Recent years have seen an overwhelming body of work on fairness and bias in Machine Learning (ML) models. This is not unexpected, as fairness is a complex and multi-faceted concept that depends on context and culture. Particularly in machine learning, fairness is an increasingly important concern as models are used to support decision-making in high-stakes applications such as mortgage lending, hiring, and diagnosis in healthcare. ML models depend heavily on data to learn discriminatory patterns. The discrimination becomes objectionable when unprivileged groups are systematically penalized. As researchers, we need to proactively pursue understanding the social choices and stereotypes that have been translated to the data and ML models by working closely with stakeholders, potential users, domain experts, and social researchers. In this lecture, we will focus on the recent advancements in the field to better understand and mitigate unwanted bias in ML models with specifics examples in healthcare.
Celia Cintas is a Research Scientist at IBM Research Africa - Nairobi, Kenya. She is a member of the AI Science team at the Kenya Lab. Her current research focuses on the improvement of ML techniques to address challenges on Global Health in developing countries and exploring subset scanning for anomaly detection under generative models.

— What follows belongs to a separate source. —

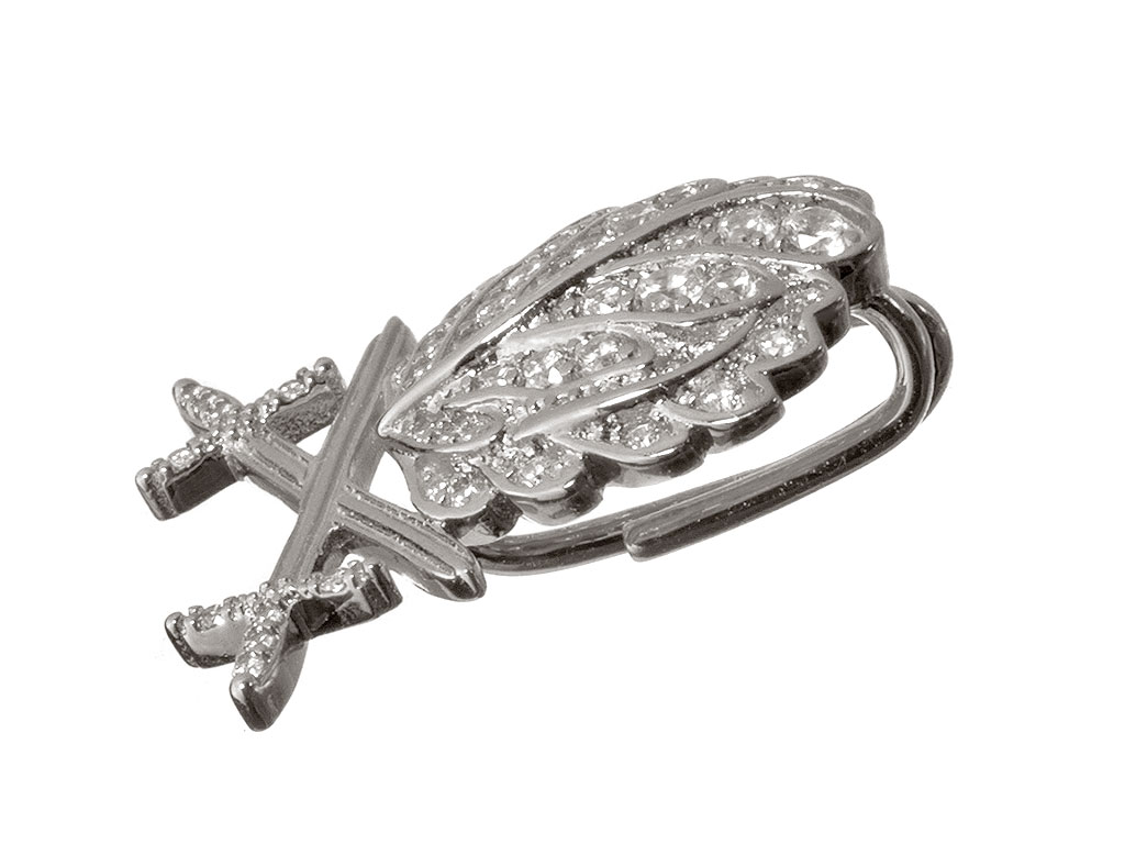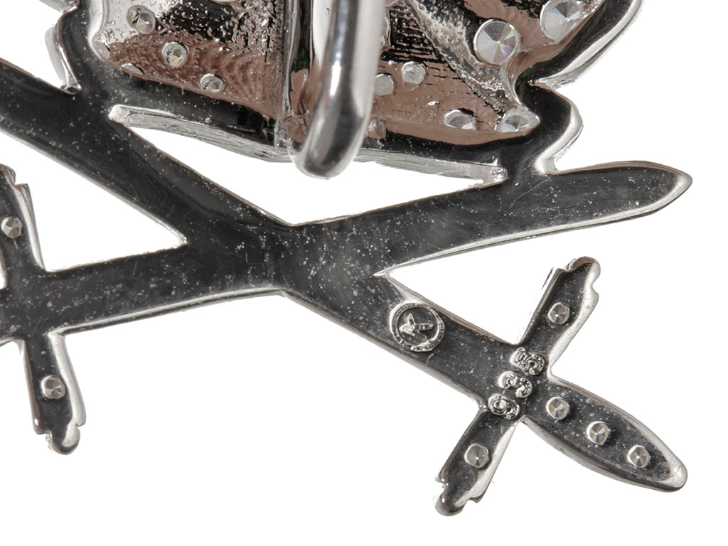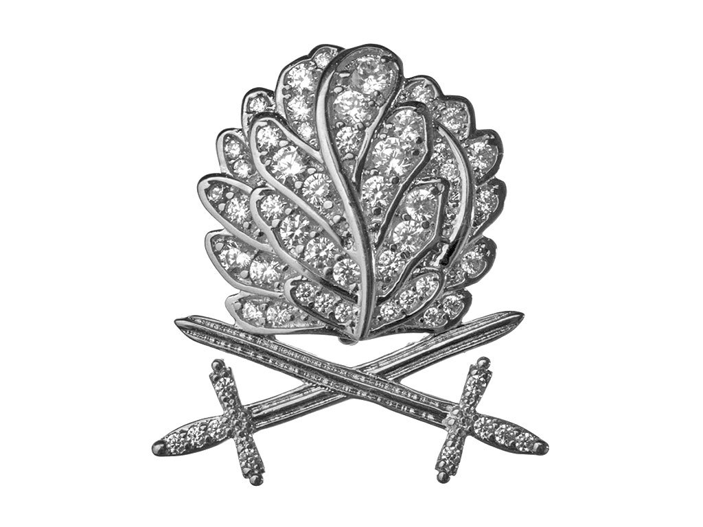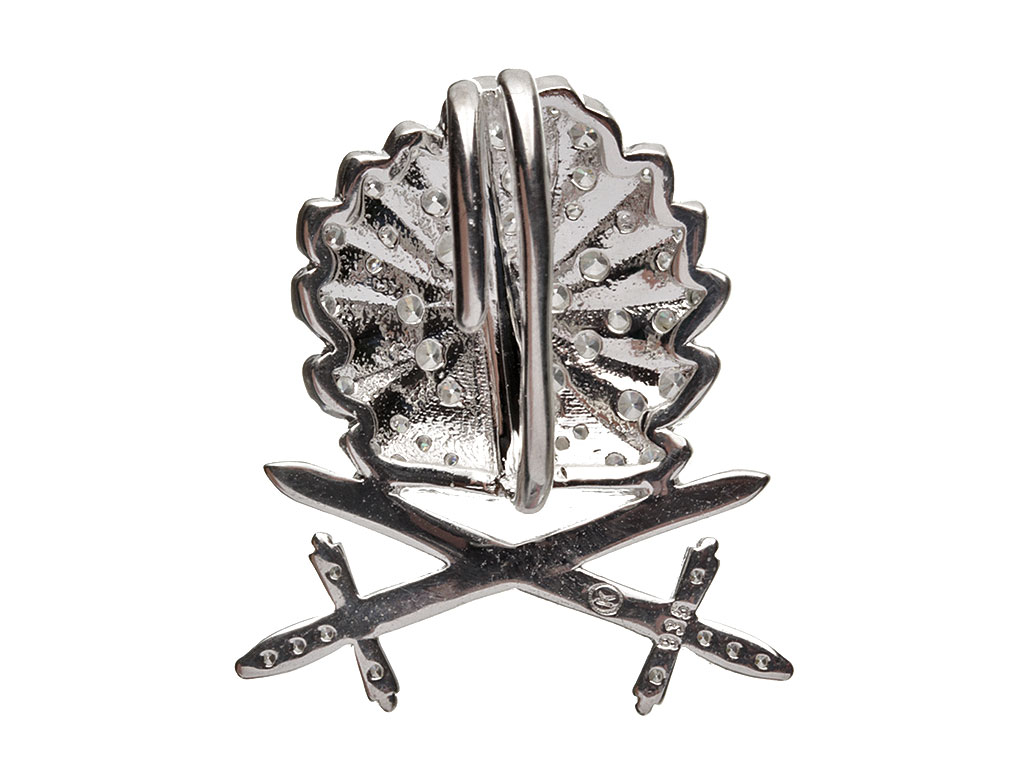 Превосходного качества копия высшей военной награды Третьего рейха - "Дубовых листьев с мечами и бриллиантами" к Рыцарской степени Железного креста. Размер и внешний вид полностью соответствует оригиналу. Копия изготовлена из посеребренной латуни, инкрустирована ограненными фианитами.

Previously, grantee from National Scientific and Technical Research Council (CONICET) working on Deep Learning and Geometrics Morphometrics for populations studies at LCI-UNS and IPCSH-CONICET (Argentina) as part of the Consortium for Analysis of the Diversity and Evolution of Latin America (CANDELA). During her PhD, she was a visiting student at the University College of London (UK). She was also a Postdoc researcher visitor at Jaén University (Spain) applying ML to Heritage and Archeological studies.
She holds a Ph.D. in Computer Science from Universidad del Sur (Argentina). Co-chair of several Scipy Latinamerica conferences and happy member of LinuxChix Argentina. Financial Aid Co-Chair for the SciPy (USA) Committee (2016-2019) and Diversity Co-Chair for SciPy (2020-2021).